Although public squabbling over race pains Geyer deeply this week, it wasn't very long ago that she was lamenting the chilling effect of "political correctness" on sober discussions of black and Hispanic inadequacy, as modeled by the racialist windbag Richard Lamm:
Lamm politely but firmly suggests that black and Hispanic cultures fall short of Asian and Jewish cultures in fostering ambition and success not because blacks and Hispanics are not as capable or smart, but because "different cultures give different signals, and some cultures are giving out stronger performance signals than others....”
In that column, Geyer went on to say that "the brilliant African-American scholar Shelby Steele" - a man who has explicitly mourned "the world-wide collapse of white supremacy as a source of moral authority" - thinks Lamm is right on the money, so you card-carrying members of the Grievance Industry can keep your talk of effort optimism to yourselves.

At any rate, we now know that it's "mature" for politicians to wax obsessive over the perils of multiculturalism while waving a copy of Victor Davis Hanson's Mexifornia, and "cynical" for them to engage in "a tedious argument" over which candidate is "the greater advocate of civil rights." If Hillary Clinton and Barack Obama want to win Geyer's honest heart, they'll take care to observe this distinction in future.

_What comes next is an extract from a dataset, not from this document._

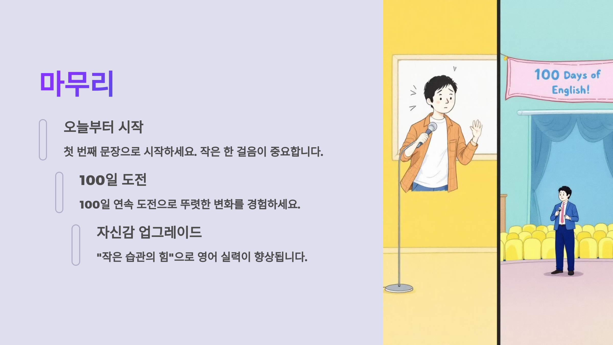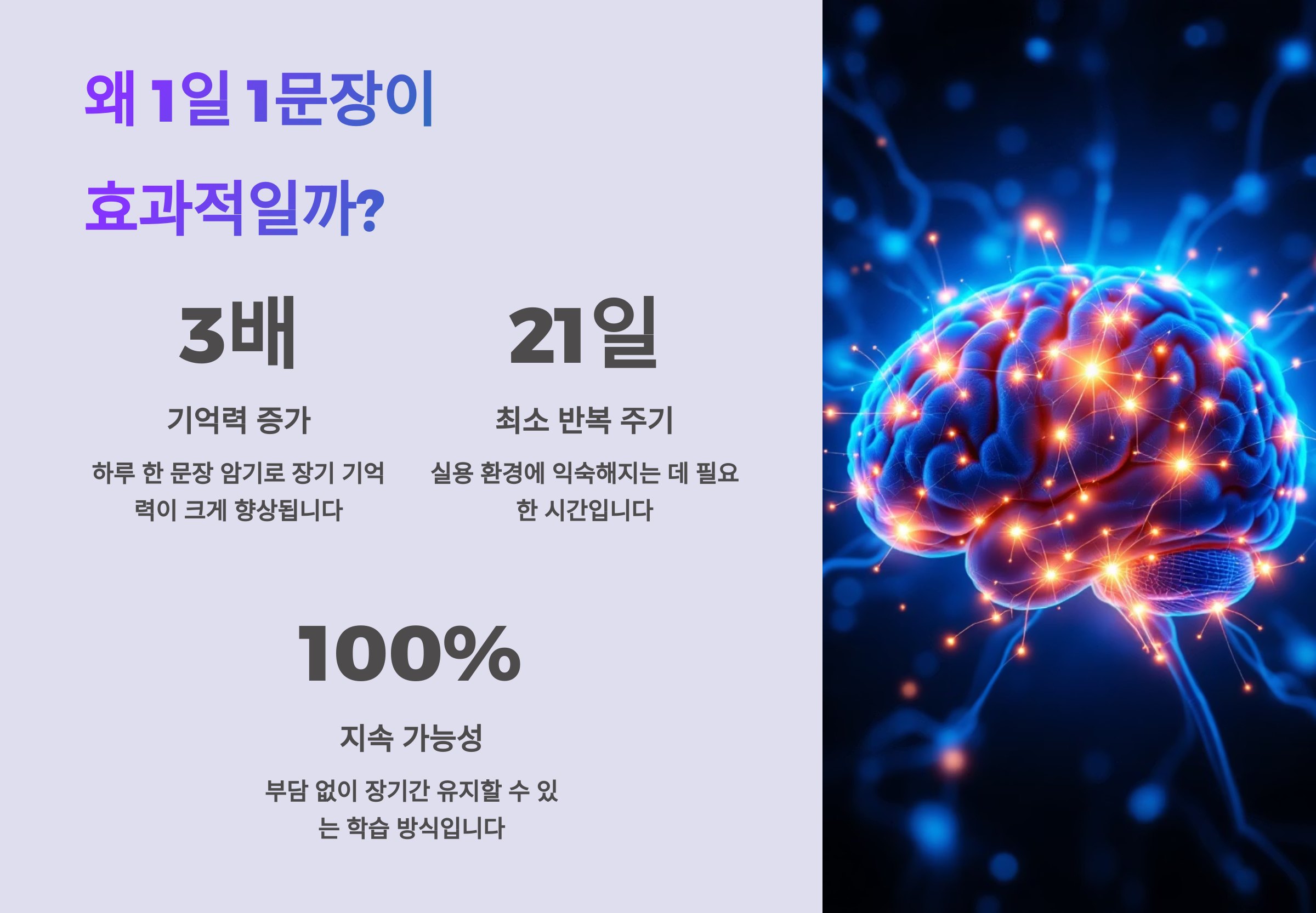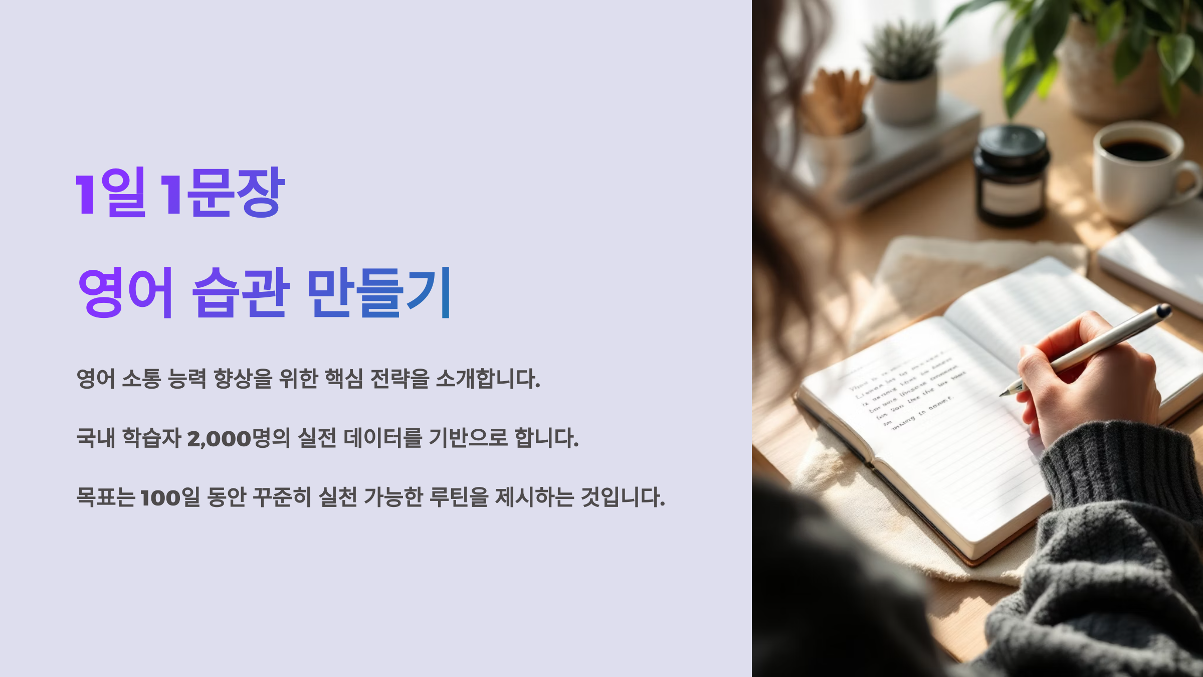 영어 실력은 단기간에 확 늘지 않아요. 하지만 매일 한 문장, 꾸준한 5분이 실제로 말할 수 있는 영어를 만들어줘요. 그게 바로 ‘1일 1문장’ 루틴이 가진 힘이에요! 💪📘
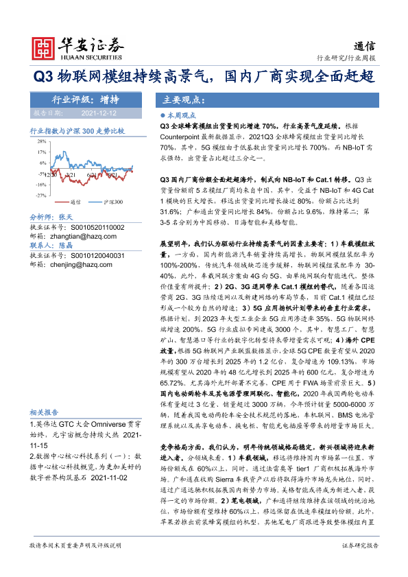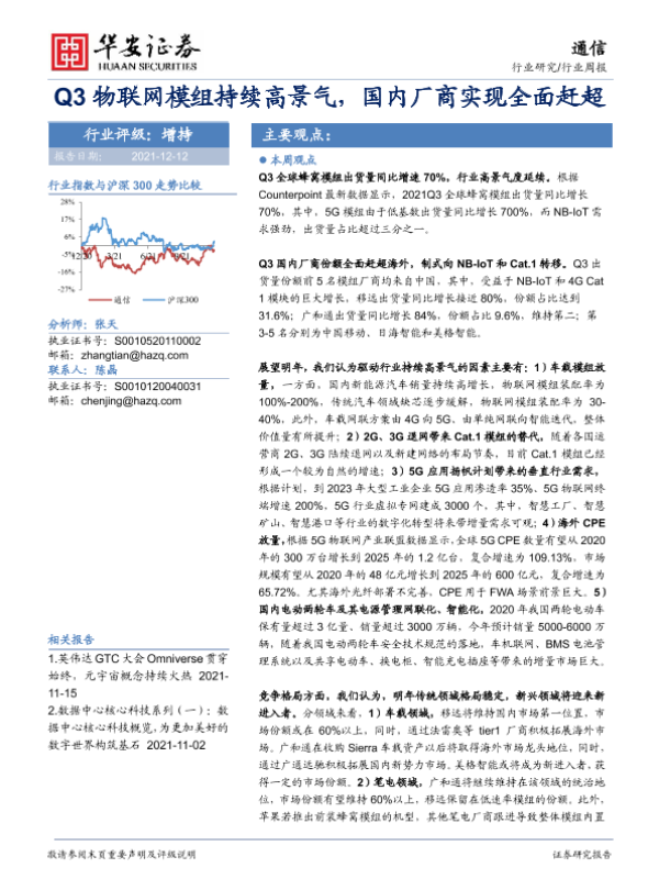 【华安证券】【20211212】Q3物联网模组持续高景气,国内厂商实现全面赶超-16页

Just to make clear where I stand on the "inevitable" candidates themselves, I may as well post this immature but heartfelt comment from Eschaton:
I don't like their positions. Whether or not I like their personalities strikes me as totally irrelevant.

That said, there's no way either one of them is going to do as much damage to the US, or the rest of the world, as this country's kneejerk, dipshit misogyny and racism causes every fucking day of every goddamn year.